PETALING JAYA (Feb 16): Asian investors of hotel properties will continue to feature in 2017, with groups from Singapore at the fore, according to global real estate firm JLL.

“Hong Kong-based buyers with capital connected to mainland China stand to be active as well,” said JLL Hotels and Hospitality Group, Asia Pacific head of research, Frank Sorgiovanni.

In its latest “Hotel Investment Outlook 2017”, JLL noted that hotel investment volumes in Asia Pacific are projected to remain in the US$8 billion (RM35.66 billion) to US$9 billion range this year, in line with the US$8.5 billion transacted in 2016.

Chinese appetite for hotel real estate remains even though Beijing has announced tighter measures on outbound capital in mid-December for “non-core” business activities.

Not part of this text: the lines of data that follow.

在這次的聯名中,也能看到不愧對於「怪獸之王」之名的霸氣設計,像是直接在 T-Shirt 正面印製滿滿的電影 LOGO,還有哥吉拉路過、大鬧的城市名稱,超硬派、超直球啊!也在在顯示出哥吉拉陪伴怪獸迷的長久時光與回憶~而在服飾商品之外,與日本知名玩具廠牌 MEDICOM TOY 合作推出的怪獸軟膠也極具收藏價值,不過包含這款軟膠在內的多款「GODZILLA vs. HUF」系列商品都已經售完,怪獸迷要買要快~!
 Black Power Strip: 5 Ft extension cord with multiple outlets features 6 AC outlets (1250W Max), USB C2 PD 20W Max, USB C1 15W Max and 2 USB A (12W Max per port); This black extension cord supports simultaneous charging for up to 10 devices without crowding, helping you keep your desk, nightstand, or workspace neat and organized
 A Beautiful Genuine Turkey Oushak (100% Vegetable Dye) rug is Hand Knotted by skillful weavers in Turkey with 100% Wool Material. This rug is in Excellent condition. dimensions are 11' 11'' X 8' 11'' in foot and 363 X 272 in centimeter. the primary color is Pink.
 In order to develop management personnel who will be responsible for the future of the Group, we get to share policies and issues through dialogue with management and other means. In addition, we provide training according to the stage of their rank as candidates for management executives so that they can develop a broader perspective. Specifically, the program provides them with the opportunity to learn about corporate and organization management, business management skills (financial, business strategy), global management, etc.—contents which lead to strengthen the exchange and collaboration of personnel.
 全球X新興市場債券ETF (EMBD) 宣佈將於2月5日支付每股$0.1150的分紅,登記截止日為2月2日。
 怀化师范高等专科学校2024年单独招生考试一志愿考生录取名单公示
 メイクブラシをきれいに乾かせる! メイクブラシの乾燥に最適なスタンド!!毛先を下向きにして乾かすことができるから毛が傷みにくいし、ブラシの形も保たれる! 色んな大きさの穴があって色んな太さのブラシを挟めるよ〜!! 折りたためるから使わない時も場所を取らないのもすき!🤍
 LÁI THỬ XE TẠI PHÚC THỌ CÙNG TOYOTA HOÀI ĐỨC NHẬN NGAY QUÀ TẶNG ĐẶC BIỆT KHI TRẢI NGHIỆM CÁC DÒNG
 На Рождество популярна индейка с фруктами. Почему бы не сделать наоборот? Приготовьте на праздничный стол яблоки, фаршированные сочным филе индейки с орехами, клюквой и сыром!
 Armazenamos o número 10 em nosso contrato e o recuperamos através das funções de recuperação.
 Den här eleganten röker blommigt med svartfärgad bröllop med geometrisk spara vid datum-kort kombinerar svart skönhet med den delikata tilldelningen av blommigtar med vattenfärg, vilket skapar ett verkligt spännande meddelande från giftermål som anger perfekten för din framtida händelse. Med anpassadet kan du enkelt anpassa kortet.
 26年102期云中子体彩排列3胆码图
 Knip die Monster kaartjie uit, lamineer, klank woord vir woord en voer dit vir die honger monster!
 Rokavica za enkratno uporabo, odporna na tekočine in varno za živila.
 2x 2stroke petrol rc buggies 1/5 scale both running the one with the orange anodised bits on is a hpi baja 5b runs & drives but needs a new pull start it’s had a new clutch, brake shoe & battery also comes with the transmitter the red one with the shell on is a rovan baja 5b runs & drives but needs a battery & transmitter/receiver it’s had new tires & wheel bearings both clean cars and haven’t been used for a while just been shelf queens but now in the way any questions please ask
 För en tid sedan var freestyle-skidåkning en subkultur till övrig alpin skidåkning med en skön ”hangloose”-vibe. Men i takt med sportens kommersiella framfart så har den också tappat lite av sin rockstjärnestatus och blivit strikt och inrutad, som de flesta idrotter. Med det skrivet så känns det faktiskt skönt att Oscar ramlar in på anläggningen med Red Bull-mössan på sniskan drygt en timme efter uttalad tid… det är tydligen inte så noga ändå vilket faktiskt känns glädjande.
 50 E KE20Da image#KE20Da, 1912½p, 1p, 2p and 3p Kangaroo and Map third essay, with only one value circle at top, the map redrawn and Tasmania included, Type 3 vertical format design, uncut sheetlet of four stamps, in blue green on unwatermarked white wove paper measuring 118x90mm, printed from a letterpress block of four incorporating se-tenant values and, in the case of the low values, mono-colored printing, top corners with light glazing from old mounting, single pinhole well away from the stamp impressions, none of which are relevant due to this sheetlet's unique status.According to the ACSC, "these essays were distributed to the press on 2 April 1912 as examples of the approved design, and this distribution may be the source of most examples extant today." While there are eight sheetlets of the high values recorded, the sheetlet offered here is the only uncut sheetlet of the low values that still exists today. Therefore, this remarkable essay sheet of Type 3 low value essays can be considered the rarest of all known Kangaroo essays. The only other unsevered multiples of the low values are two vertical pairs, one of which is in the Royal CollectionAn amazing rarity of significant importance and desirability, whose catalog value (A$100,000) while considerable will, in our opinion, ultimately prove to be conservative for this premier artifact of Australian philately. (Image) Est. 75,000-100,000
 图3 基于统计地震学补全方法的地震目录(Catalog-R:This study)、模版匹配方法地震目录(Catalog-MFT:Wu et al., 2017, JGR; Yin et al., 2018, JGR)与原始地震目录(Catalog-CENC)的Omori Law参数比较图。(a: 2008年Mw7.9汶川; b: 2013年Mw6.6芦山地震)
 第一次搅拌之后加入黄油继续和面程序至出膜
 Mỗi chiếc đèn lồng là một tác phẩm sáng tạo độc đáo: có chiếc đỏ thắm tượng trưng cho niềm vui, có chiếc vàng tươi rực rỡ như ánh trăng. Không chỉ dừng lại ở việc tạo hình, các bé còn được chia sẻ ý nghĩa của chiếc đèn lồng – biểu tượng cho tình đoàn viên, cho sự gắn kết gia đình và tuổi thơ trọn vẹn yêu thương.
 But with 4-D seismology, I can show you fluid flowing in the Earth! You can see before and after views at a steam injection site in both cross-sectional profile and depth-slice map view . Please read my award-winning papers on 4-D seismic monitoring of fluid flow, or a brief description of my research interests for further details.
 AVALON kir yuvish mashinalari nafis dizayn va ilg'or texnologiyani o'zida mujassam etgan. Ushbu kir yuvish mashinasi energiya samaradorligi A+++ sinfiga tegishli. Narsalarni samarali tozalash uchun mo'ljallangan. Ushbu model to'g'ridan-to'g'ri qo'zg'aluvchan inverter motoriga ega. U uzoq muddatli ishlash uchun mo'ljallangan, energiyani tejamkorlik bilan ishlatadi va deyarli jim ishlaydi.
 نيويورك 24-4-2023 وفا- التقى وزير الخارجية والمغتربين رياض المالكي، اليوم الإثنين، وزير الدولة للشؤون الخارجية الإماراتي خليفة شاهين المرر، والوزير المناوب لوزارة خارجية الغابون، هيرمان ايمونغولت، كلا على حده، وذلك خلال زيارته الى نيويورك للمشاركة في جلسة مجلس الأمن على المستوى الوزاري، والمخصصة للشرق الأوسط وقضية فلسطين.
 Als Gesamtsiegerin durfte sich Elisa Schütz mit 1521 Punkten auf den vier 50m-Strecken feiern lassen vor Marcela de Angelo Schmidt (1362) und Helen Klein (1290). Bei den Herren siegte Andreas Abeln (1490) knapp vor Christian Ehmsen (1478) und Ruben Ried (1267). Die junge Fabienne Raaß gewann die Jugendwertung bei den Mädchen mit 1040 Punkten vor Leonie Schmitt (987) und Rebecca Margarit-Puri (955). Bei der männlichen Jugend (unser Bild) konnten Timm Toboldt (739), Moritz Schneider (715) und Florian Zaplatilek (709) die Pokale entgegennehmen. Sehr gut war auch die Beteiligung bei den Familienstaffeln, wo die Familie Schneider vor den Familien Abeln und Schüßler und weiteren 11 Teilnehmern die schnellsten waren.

“The potential weakening of the renminbi means investors will be on the lookout for opportunities in the US and Europe as a means to maximise returns and Chinese investors will always be seeking for trophy assets in global markets such as New York, London, Paris, Hong Kong, Tokyo and Sydney.

“Although Chinese capital will be active across global hotel markets, the overall deal flow however, will reduce, especially for transactions above US$1 billion, due to tighter capital controls,” noted Sorgiovanni.

Eyes on Japan, Australia and Southeast Asia

In the report, JLL noted that investors are keenly watching out for buying opportunities in Japan and Australia in 2017 with the former expected to see at least one trophy asset deal and limited service hotel portfolios entering its market while the latter has more hotels coming up to meet the demand from growing tourism, particularly in Sydney and Melbourne.

On Southeast Asia, buyers are looking at markets such as Thailand, Vietnam, Hong Kong and Singapore as these markets continue to record solid trading performance and strong tourism growth fundamentals.

“In fact, Singapore hit a record high for tourist arrivals last year. The long-term arrivals profile is proven with both leisure and corporate travellers across resort markets and financial hub cities,” said Sorgiovanni.

He added that Malaysia, Cambodia and Myanmar, where several high-profile transactions took place last year, are also prompting increased interest as inbound arrivals grow year-on-year.

Research from JLL also revealed that home-sharing platforms such as Airbnb and Homeaway account for about 10% of room bookings in top global markets.

“The hotel industry will be looking at creative partnerships with these alternative accommodation platforms, such as AccorHotels’ acquisition of Onefinestay in 2016,” said the report.

More M&A in the hotel industry

Mergers and acquisitions including high-profile deals such as Marriott International’s acquisition of Starwood Hotels & Resorts and HNA Tourism Group Co Ltd’s purchase of Carlson Hotels, are likely to continue this year, said JLL.

JLL noted that portfolios with a full range of offerings from service levels to geography are most attractive to investors.

“Hotel brands will always look to bolster their supply pipeline and the surest way to grow is often by acquiring operators with management and franchise contracts.

“We expect to see more consolidation among operators and real estate owners alike due to key players’ need to remain competitive through efforts that align growth strategies,” said JLL Hotels and Hospitality Group, senior vice-president, Lauro Ferroni.